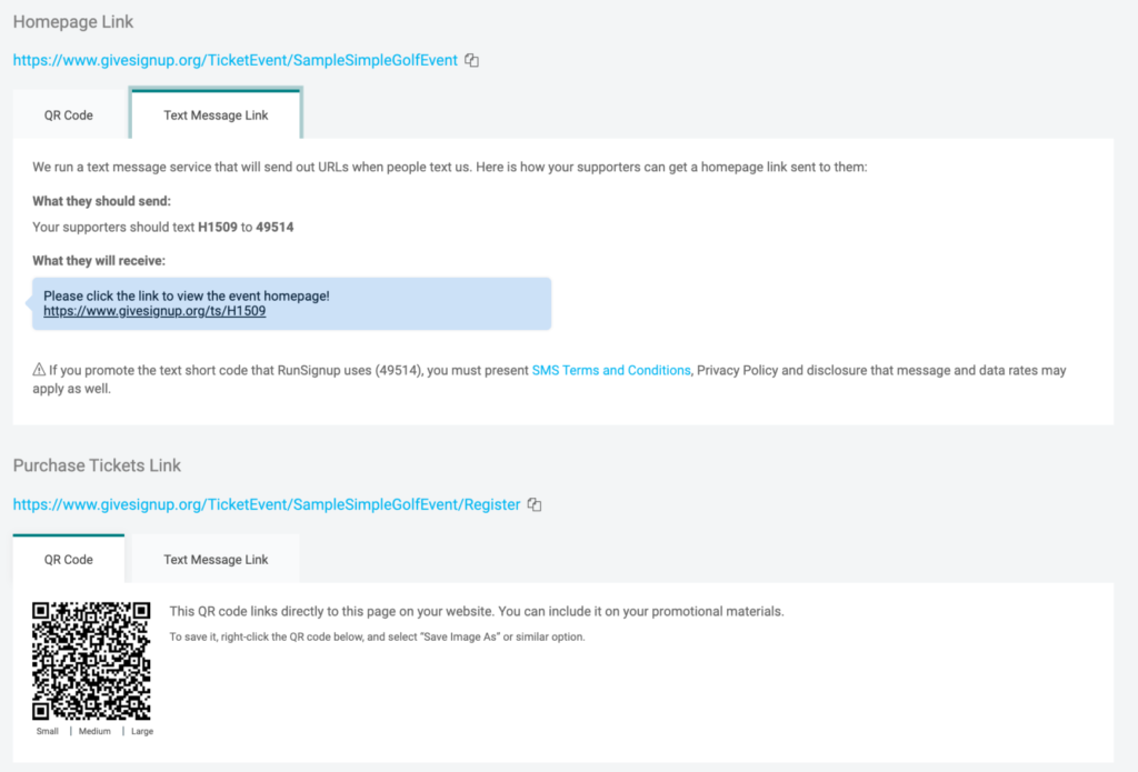 Every event on GiveSignup has a set of QR codes created to link potential attendees to your event website. Even more fun? Supporters can request a link for your event website to be sent via a designated text messaging short code – no URL’s to remember or type in. For example, text H1509 to 49514 to get a link to an example Golf Event!
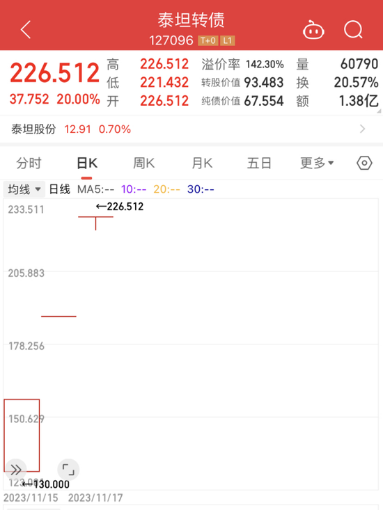 实际上,不只是当天上市的三羊转债,此前几天上市的泰坦转债还在继续20CM涨停,泰坦转债在11月15日首日上市57.3%涨停后,昨日20%一字涨停,今天继续20%涨停。价格已经达到226.512元,三天暴涨126.512%。连续暴涨该转债的转股溢价率高达142.3%。
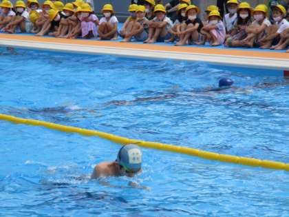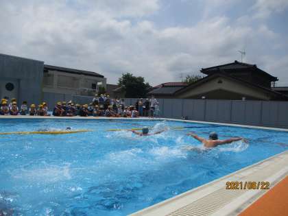 5・6年生代表が模範泳法を披露しました。クロール、平泳ぎ、背泳ぎ、バタフライの4種類です。一生懸命泳ぐ姿に見ていた人から大きな拍手をもらいました。
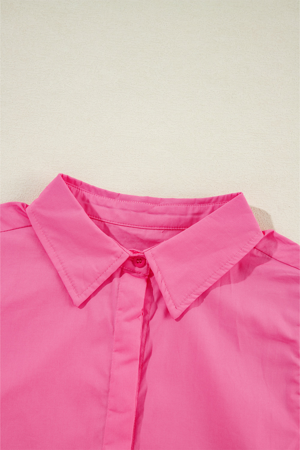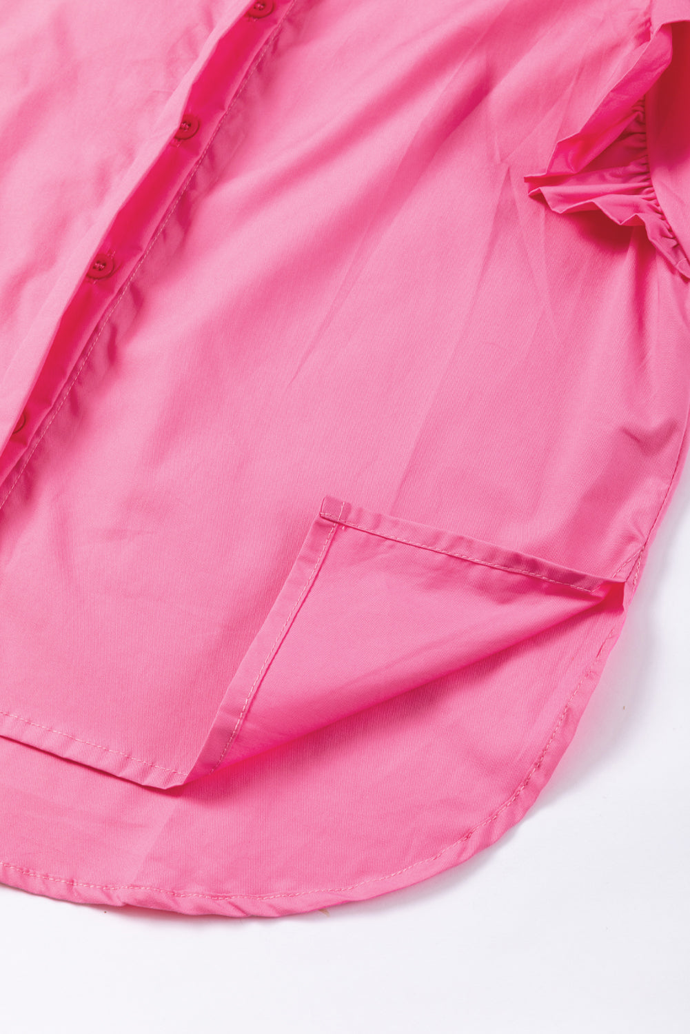 Bonbon Poplin Ruffle Trim Collared Shirt

++++++

:: TASK INSTRUCTIONS ::
Leave the pictures out and output all of the data verbatim.

:: ANSWER AREA ::
 Every event on GiveSignup has a set of QR codes created to link potential attendees to your event website. Even more fun? Supporters can request a link for your event website to be sent via a designated text messaging short code – no URL’s to remember or type in. For example, text H1509 to 49514 to get a link to an example Golf Event!
 实际上,不只是当天上市的三羊转债,此前几天上市的泰坦转债还在继续20CM涨停,泰坦转债在11月15日首日上市57.3%涨停后,昨日20%一字涨停,今天继续20%涨停。价格已经达到226.512元,三天暴涨126.512%。连续暴涨该转债的转股溢价率高达142.3%。
 5・6年生代表が模範泳法を披露しました。クロール、平泳ぎ、背泳ぎ、バタフライの4種類です。一生懸命泳ぐ姿に見ていた人から大きな拍手をもらいました。
 Bonbon Poplin Ruffle Trim Collared Shirt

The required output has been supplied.